The Hunger Games: Catching Fire

Posted on: 29th November 2013  |
Category: Faith and culture
Tags: The Hunger Games

Director: Francis Lawrence

Starring: Jennifer Lawrence, Josh Hutcherson, Liam Hemsworth

UK Release date: 22 November 2013

Certificate: 12A (146 mins)


It has been a year, Katniss Everdeen is back, and revolution is in the air.  The scene opens on a brief respite in the woods outside District 12.  Katniss is hunting, and soon to depart on a ceremonial tour of Panem in the run-up to the Seventy-Fifth Annual Hunger Games.  Her sudden hallucinatory vision of a murdered teenager reminds us of gladiatorial horror, past and pending, and we know that the muscled embrace by her hunky friend Gale will not shield our heroine from what awaits her.

For in the districts, revolt foments.  And it does not take long for Katniss to realise that her defiance of the Gamemakers at the finale of the last games, with suicide on her lips and poisoned berries in her fist, has transfigured her into a living symbol of hope.

But thoughts run otherwise in the Capitol.  Diabolical in cunning, President Snow and his sadistic thought police have concocted a plan to squelch all rebellion.  Katniss and Peeta, the star-crossed lovers, inspirations of the people, will be thrown back into the arena.  This time with twenty-two other veterans of the games, every one an experienced and deadly victor.  The stakes are raised, and, correspondingly so, the captivation of the drama; relative to its predecessor, at least.

At this point, the most politic assessment of the film may be that lovers of the first movie will almost certainly find even more to love in the sequel.  But any candid viewing must confess that the most interesting thing about this film, like its predecessor, is the high quality of its superficiality.

Cinematographically, the film is flawless.  Epic wide-angle shots of cities, crowds and wilderness landscapes.  Smoothly integrated CGI.  Unsteady closeup handcams at intimate moments, expertly evoking the uncertainty which shakes the emotions of our protagonist.  Yet for all of this, the film as a whole seems to lack a certain something.

And the problem is not in the (necessarily) simplified adaptation of the story from original paperback form.  Far from it.  Casual readers of the book will be delighted to rediscover its key characters and cliff-hangers faithfully rendered.  There is even a striking sense in which the onscreen spectacle plays out like the events of the story videotaped.

But this is also the problem.  Obvious care was taken to translate the words to images, and scene by scene there is a manifest concern for even-handed accuracy.  However, like a nineteenth century literalist translation of a passion-driven Russian novel, the film comes across as adequate at the level of surface activity, yet admits only occasional flashes of the tumultuous genius below.

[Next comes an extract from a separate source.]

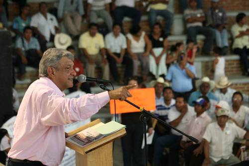 López Obrador reiteró: “Queremos transformar el país de manera pacífica, y aunque parezca difícil, porque hay quienes piensan que esta mafia no va a aceptar nada ni va querer ningún cambio por la buena, yo sostengo que sí; cuando el pueblo esté completamente organizado y despierto”.

For example, we see a challenge accepted, a kiss stolen, a death delivered, yet only learn in a limited sense what it means.  There is scarcely a reflective moment to share the interior concerns of the characters; the episodes simply roll out, to adapt a phrase, like one darn thing after another. There are eye-popping events and table-turning decisions, but we as the audience are not helped very far along in determining why we are really supposed to care.

Which brings back the suggestion that for all of its surface sparkle, the film as a whole still lacks a certain something.  And it may be that the precise thing it lacks, paradoxically, is a whole.

Eight hundred years ago in Paris, St Thomas Aquinas observed that every living material thing is made up of more than one part.  Be it vegetable, beast or human being, what makes any of these compound creatures something single is an intuited principle of unity he called an anima.  It is word from which we derive ‘animal’ and ‘animate’, and its usual translation is ‘soul’.

When the credits roll for The Hunger Games: Catching Fire the most important thing about it might be a failure of soul.  While outwardly it can boast all the glamourous trappings of Hollywood, inwardly it still ends feeling empty.  The best hope for the series, then, may be its promised revolution:  a radical turn, wherein all the assembled pieces, heretofore not enough to make a life, at last add up to one.